America also is better prepared for oil supply disruptions than previously, he said. The country is using 7 percent less oil than in 2005 "partly because our economy as a whole is more efficient," Obama said. "We're adapting. We're producing more oil and we're importing less."

But as long as the U.S. economy depends on foreign oil, "we'll always be subject to price spikes," Obama said.

The country must increase its access to secure energy supplies in the near term and make the economy more energy-efficient and energy-independent over the long haul, he said, starting with continuing to boost domestic production of oil and gas.

"Last year American oil production reached its highest level since 2003," Obama said, contrary to arguments that "might make for a good political sound bite."

House Speaker John Boehner at a news conference Thursday blamed Obama for rising gasoline prices.


"The Obama administration has consistently blocked American energy production," Boehner, R-Ohio, said.

"We are encouraging offshore exploration and production," Obama said Friday. "We're just doing it responsibly."
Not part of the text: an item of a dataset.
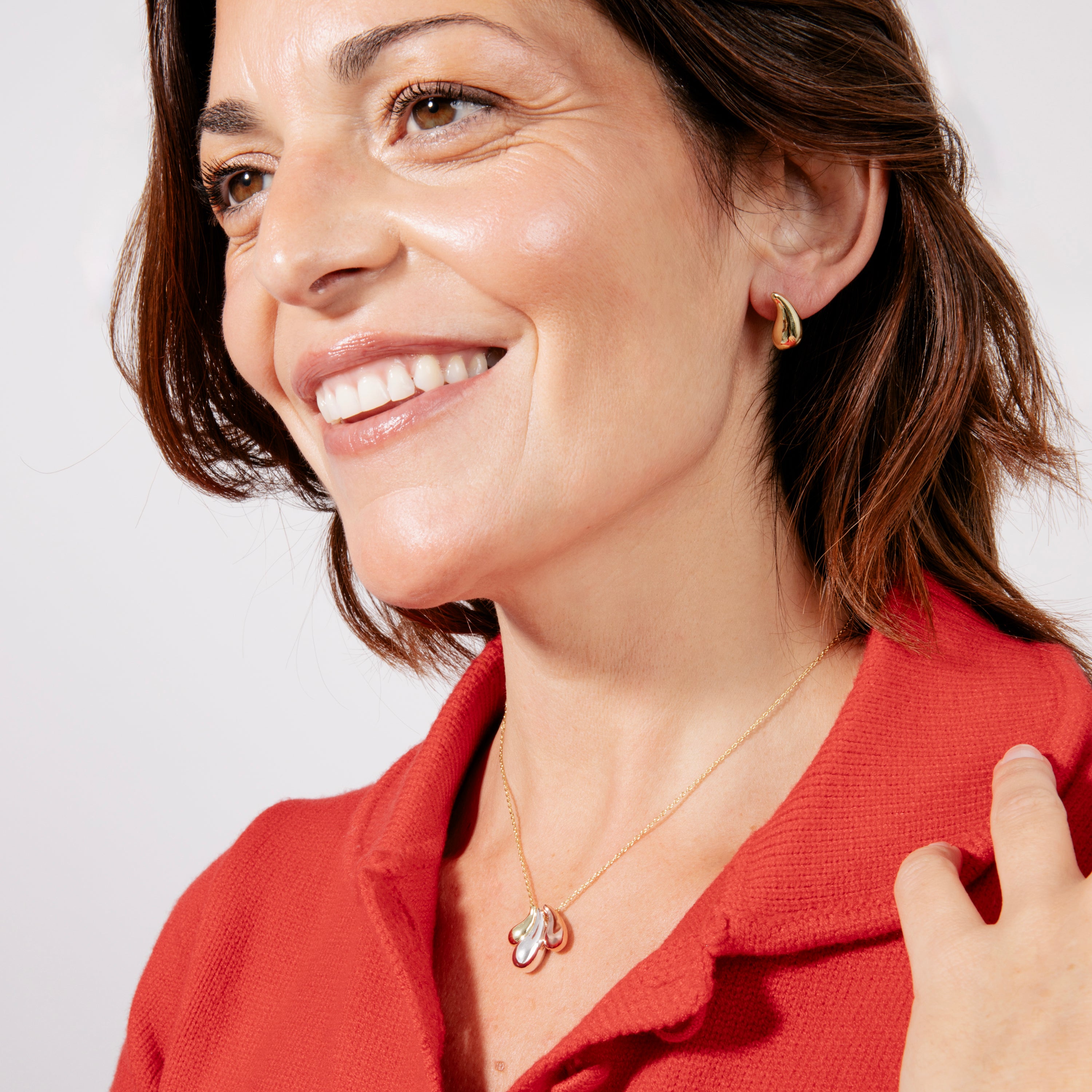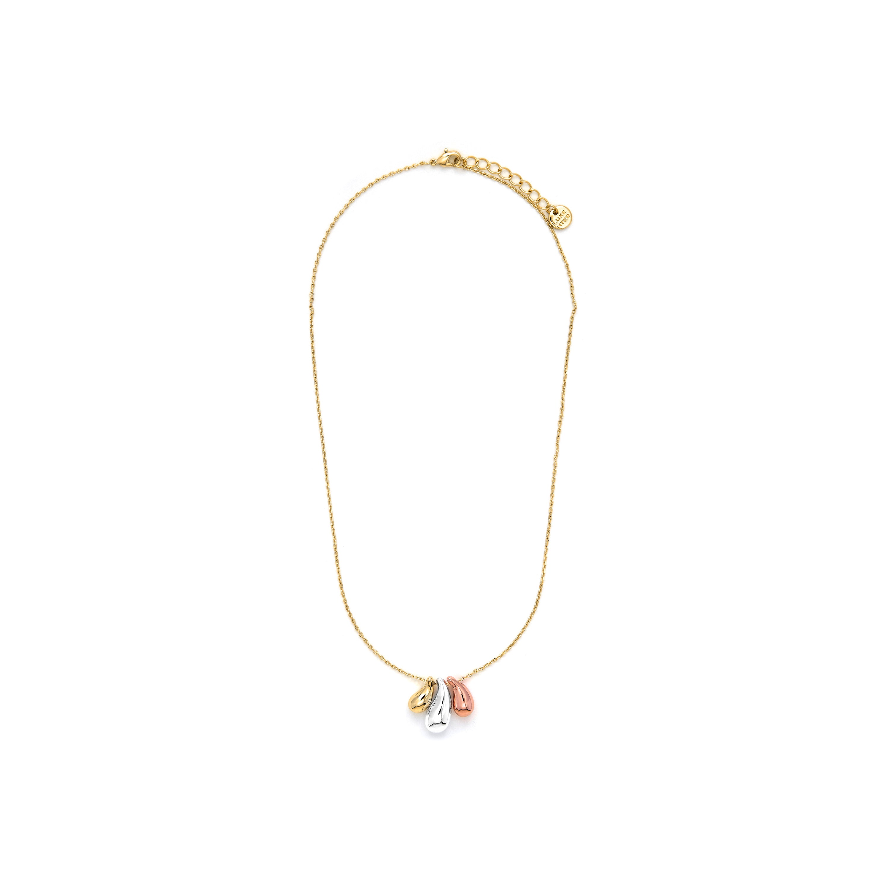 Set de Pendientes y Collar Necon acabado en rodio, oro rosa y oro amarillo de 18k. Joyas básicas sin pretensiones que son perfectas para el uso diario, pero también pueden funcionar en ocasiones especiales.

The Interior Department has been directed to determine how many leases held by the oil and gas industry aren't being used "so we can encourage companies to develop the leases they hold and produce American energy," Obama said.

In addition, the administration is working to gather data on potential gas and oil resources off the mid- and South Atlantic Ocean and working with the industry to explore new frontiers of production, safety measures and containment technology.

Concerning imported oil, Obama said his administration was working to strengthening key energy relationships with other producer nations.

While these actions help in the short- and medium-term, they are not a long-term solution.

"If we want to secure our long-term prosperity and protect the American people from more severe oil shocks in the future, the way to do it is to gradually reduce demand and then do everything we can to break our dependence on oil," Obama said, such as building energy-efficient vehicles and diversifying the country's energy portfolio.

"We've got to work together -- Democrats, Republicans and everybody in between -- to finally secure America's energy future," Obama said. "I don't want to leave this for the next president and none of us should want to leave it for our kids."